> Supplied records
<<<<
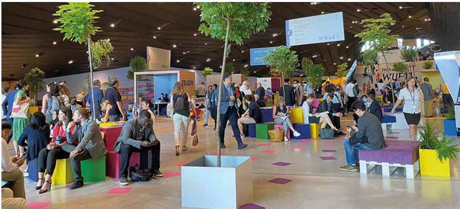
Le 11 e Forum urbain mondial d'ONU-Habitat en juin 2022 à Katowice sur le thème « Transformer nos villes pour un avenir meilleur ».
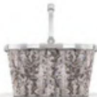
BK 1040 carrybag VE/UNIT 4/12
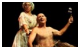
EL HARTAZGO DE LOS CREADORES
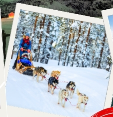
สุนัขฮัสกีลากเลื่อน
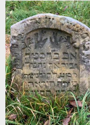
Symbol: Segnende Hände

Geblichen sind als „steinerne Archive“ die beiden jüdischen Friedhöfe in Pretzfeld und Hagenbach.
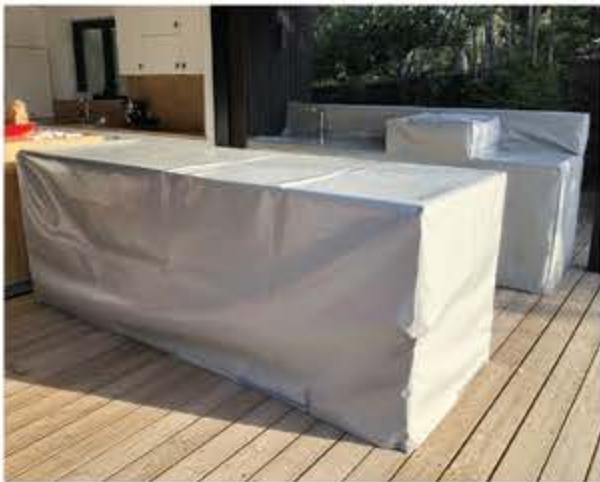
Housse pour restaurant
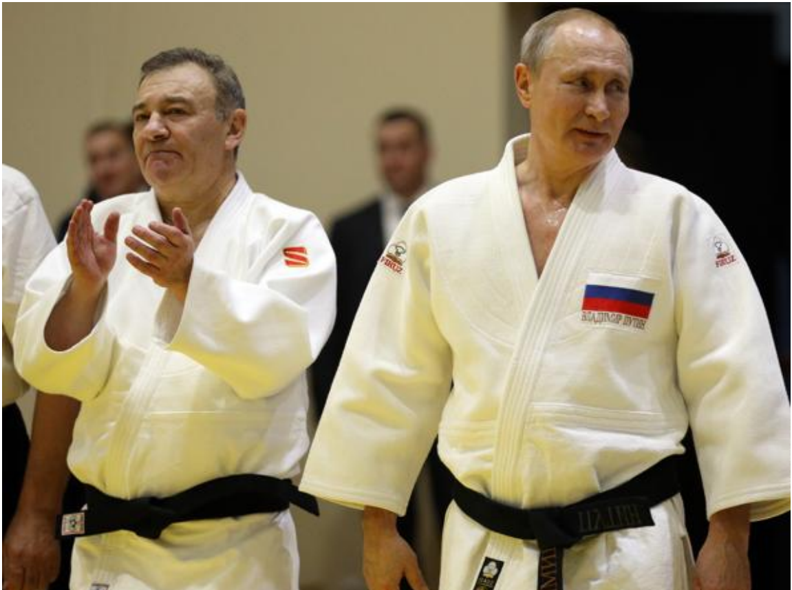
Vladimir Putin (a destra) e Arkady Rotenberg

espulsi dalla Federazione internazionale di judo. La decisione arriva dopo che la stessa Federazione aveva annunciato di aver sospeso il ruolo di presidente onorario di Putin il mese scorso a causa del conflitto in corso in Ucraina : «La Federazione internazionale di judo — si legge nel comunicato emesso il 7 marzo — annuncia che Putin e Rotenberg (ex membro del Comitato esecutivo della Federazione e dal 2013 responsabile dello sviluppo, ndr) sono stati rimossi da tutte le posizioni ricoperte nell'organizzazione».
>>>>
<<<<
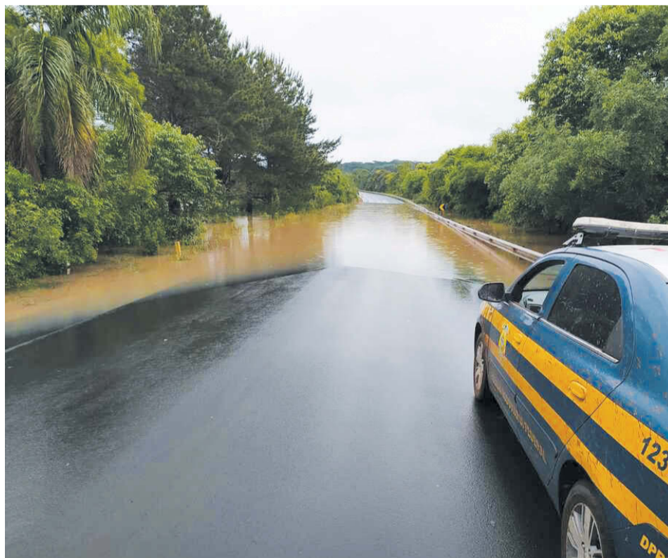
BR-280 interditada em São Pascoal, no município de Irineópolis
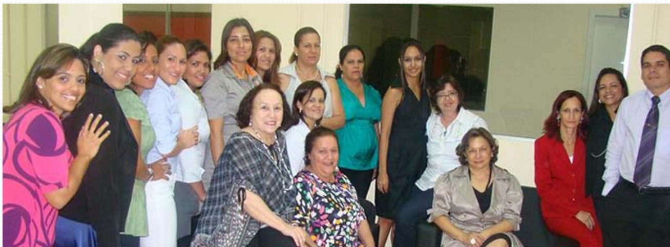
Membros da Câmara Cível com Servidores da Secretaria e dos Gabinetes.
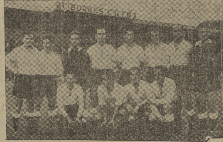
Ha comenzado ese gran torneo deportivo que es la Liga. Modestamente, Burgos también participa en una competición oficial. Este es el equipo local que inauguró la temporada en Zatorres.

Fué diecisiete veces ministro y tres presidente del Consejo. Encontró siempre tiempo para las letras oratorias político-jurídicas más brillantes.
>>>>
<<<<
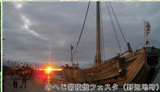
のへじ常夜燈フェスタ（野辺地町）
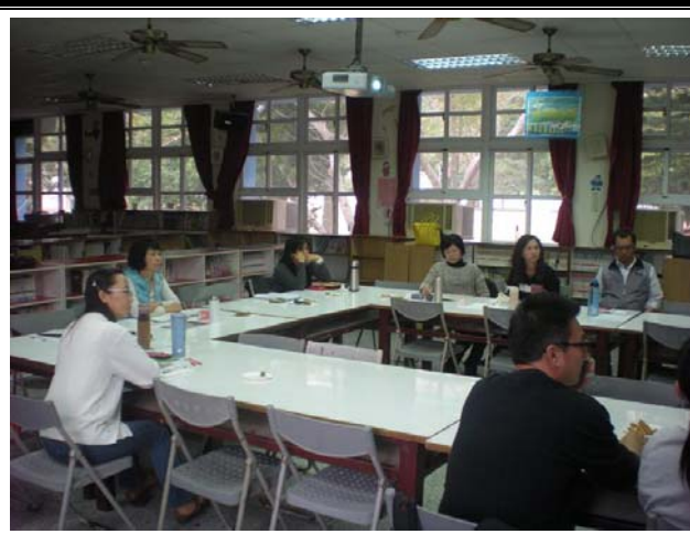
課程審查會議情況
>>>>
> Prompt
Above are the records. Print exactly, and only, the lines from the line with "Vladimir Putin (a destra) e Arkady Rotenberg" to the line with "espulsi dalla Federazione", both inclusive.

> Finished exercise
Vladimir Putin (a destra) e Arkady Rotenberg

espulsi dalla Federazione internazionale di judo. La decisione arriva dopo che la stessa Federazione aveva annunciato di aver sospeso il ruolo di presidente onorario di Putin il mese scorso a causa del conflitto in corso in Ucraina : «La Federazione internazionale di judo — si legge nel comunicato emesso il 7 marzo — annuncia che Putin e Rotenberg (ex membro del Comitato esecutivo della Federazione e dal 2013 responsabile dello sviluppo, ndr) sono stati rimossi da tutte le posizioni ricoperte nell'organizzazione».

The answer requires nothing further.